Miners will need to stay on top of a much more nuanced ESG landscape to keep ahead of the resource nationalism curve
Miners to pay for populist response to new social demands
The economic effects of Covid alone cannot explain last year’s hike in resource nationalism, but it did undoubtedly exacerbate a pre-existing trend we’ve seen in the index since 2017. It is over the next two years that its impact will bubble up sharply though. Price cycles also remain an important factor, but miners will need to stay on top of a much more nuanced ESG (environmental, social and governance) landscape to keep ahead of the resource nationalism curve. Issues around income distribution, poverty, access to education and healthcare – to name but a few – can trigger socio-political processes that demand more from the state.

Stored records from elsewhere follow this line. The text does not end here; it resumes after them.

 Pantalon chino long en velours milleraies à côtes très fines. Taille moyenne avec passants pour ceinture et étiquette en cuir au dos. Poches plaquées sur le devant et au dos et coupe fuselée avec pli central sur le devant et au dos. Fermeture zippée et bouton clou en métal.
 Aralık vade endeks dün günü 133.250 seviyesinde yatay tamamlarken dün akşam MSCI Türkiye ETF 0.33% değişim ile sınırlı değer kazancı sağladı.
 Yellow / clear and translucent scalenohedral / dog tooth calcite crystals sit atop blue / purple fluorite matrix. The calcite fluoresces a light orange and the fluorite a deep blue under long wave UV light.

In rentier mining economies, turning to the industry to ask for (or take) more has become almost a knee-jerk reaction. But in more diversified, emerging markets, the demands will almost always be more subtle and come in different forms. Operators must prepare for the latter to overtake classic methods of resource nationalism as the more common type of state interventionism over the coming decade.

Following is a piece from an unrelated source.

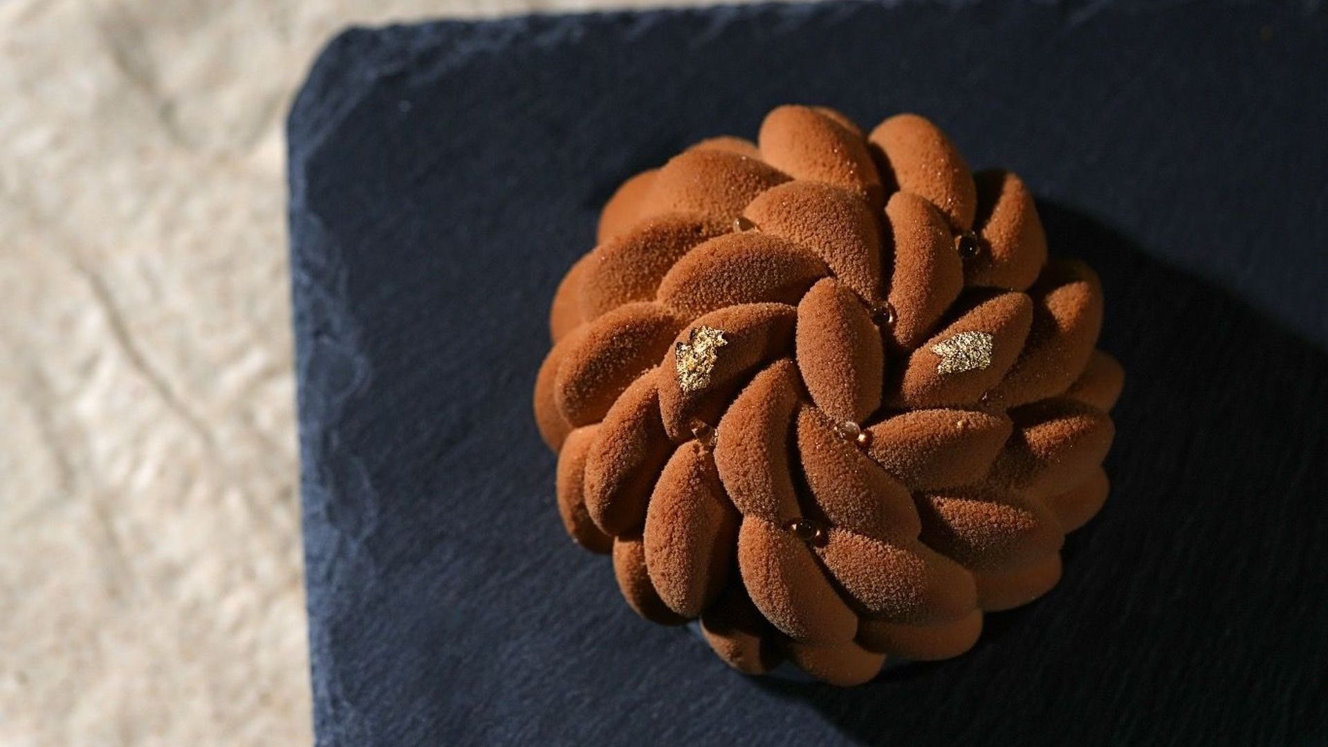 A luscious pecan sponge layered with crunchy pecan filling, roasted pecans, and velvety dark and milk chocolate ganache. Finished with micro sponge and a roasted pecan for the perfect bite.0 calories

By detecting the signals early on, miners can adapt investment strategies and exploration portfolios...
Calls for greater environmental, social and economic protection will not only come from communities hosting projects, but also from the country at large and from international stakeholders – including investors and other countries.
Regardless of Covid-19, the trend of rising resource nationalism would have continued deepening in 2021 anyway, particularly in jurisdictions where interventionism delivers a political dividend. By detecting the signals early on, miners can adapt investment strategies and exploration portfolios to mitigate future exposure to countries where resource nationalism trends are growing fastest. They will also be able to prioritise investment commitments in jurisdictions where the industry can be part of the solution, working with local stakeholders to find a balance between community needs and industry profitability to secure long-term supply.